On 4/18/24 9:56 AM, Jelle van der Waa wrote:
Hi all,

We are almost ready to drop Python 3.12 in testing, hopefully tensorflow can be pursued-ed to recompile against [staging] soon.

This Python release dropped the `imp` module, but the next release (3.13) which is slated for October this year will drop more Python batteries, some methods and some unittest invocations. [1]

I already scanned a part of the Python packages and the mailcap and cgi deprecation will be a bit painful. (And logger.warn usage but that is easy to patch to logger.warning)

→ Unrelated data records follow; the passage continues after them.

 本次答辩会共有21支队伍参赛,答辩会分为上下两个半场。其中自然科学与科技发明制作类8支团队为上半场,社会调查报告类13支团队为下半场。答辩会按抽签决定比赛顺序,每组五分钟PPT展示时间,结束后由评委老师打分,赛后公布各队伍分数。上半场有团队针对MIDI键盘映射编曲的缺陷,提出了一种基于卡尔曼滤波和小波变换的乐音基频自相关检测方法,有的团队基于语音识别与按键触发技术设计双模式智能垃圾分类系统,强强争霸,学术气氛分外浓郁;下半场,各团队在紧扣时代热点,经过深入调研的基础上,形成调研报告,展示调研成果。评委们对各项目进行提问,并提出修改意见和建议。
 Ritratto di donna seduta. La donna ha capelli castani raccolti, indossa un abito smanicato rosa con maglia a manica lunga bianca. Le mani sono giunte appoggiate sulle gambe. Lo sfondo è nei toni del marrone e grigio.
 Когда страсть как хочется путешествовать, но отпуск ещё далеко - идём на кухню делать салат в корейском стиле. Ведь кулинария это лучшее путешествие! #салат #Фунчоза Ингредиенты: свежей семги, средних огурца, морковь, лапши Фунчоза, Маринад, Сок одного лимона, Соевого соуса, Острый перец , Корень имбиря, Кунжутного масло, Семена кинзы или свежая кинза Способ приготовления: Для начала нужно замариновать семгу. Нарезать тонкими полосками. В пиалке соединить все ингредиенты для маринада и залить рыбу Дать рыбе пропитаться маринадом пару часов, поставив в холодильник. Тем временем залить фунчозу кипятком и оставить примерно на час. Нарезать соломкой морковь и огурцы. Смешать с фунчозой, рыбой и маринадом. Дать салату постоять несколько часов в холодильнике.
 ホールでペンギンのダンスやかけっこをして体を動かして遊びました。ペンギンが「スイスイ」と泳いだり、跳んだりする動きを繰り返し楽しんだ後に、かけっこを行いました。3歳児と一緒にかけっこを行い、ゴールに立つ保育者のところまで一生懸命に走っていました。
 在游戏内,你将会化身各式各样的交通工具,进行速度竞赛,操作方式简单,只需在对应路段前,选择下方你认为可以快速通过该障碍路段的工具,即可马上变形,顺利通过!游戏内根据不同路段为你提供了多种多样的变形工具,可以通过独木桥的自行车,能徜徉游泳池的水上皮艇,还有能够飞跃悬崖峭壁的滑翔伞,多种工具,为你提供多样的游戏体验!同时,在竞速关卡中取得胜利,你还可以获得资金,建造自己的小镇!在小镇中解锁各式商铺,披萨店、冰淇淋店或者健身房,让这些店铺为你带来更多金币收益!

I want to propose to open issues per package for Python 3.13 compatibility, it would point out what is not compatible and ideally link to an upstream issue or let the package maintainer create this issue.

Once we are ready to start thinking about a Python 3.13 rebuild we can go through the list of issues with a `python-3.13` label. [2]

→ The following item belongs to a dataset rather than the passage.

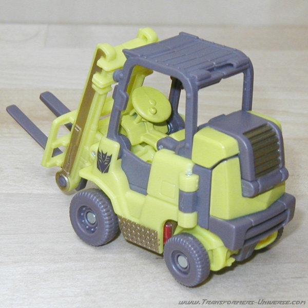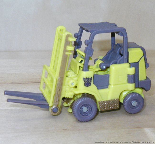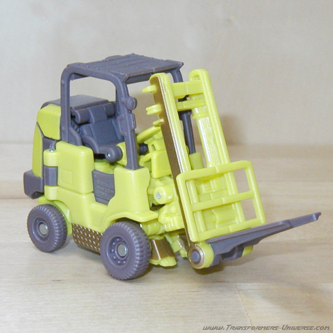 The vehicle itself looks pretty realistic and offers no visible clues as to the robot hidden inside. The fork lift can tilt backwards a bit. The actual forks can't move up or down on the lift, but everything is sculpted pretty nicely, so that isn't much of a problem. The interior of the vehicle is also sculpted, so some details such as a steering wheel are hinted at. The wheels also look pretty nice and for some reason I like the sculpted metal plates on the sides between the wheels. Looks great.

Finding issues now will hopefully:
a) convince packages we maintain to get a new release
b) a happier rebuild
c) find packages which are issues and should likely not be maintained in the repos

There is one caveat, the changelog is draft. I am not sure if Python has a history of reverting breaking changes in an alpha release. But as far as I know these things have been deprecated for quite a while.

We have a history of not opening upstream issues in our packaging repository, but I think for this scenario it would make sense and actually help us deliver Python sooner in the repos.

[1] https://docs.python.org/3.13/whatsnew/3.13.html
[2] https://gitlab.archlinux.org/groups/archlinux/packaging/packages/-/issues

Greetings,

Jelle van der Waa


In general this sounds good to me. Even if these deprecations are not being dropped in python 3.13 would there be any harm in already opening issues to push for removal of these deprecated parts?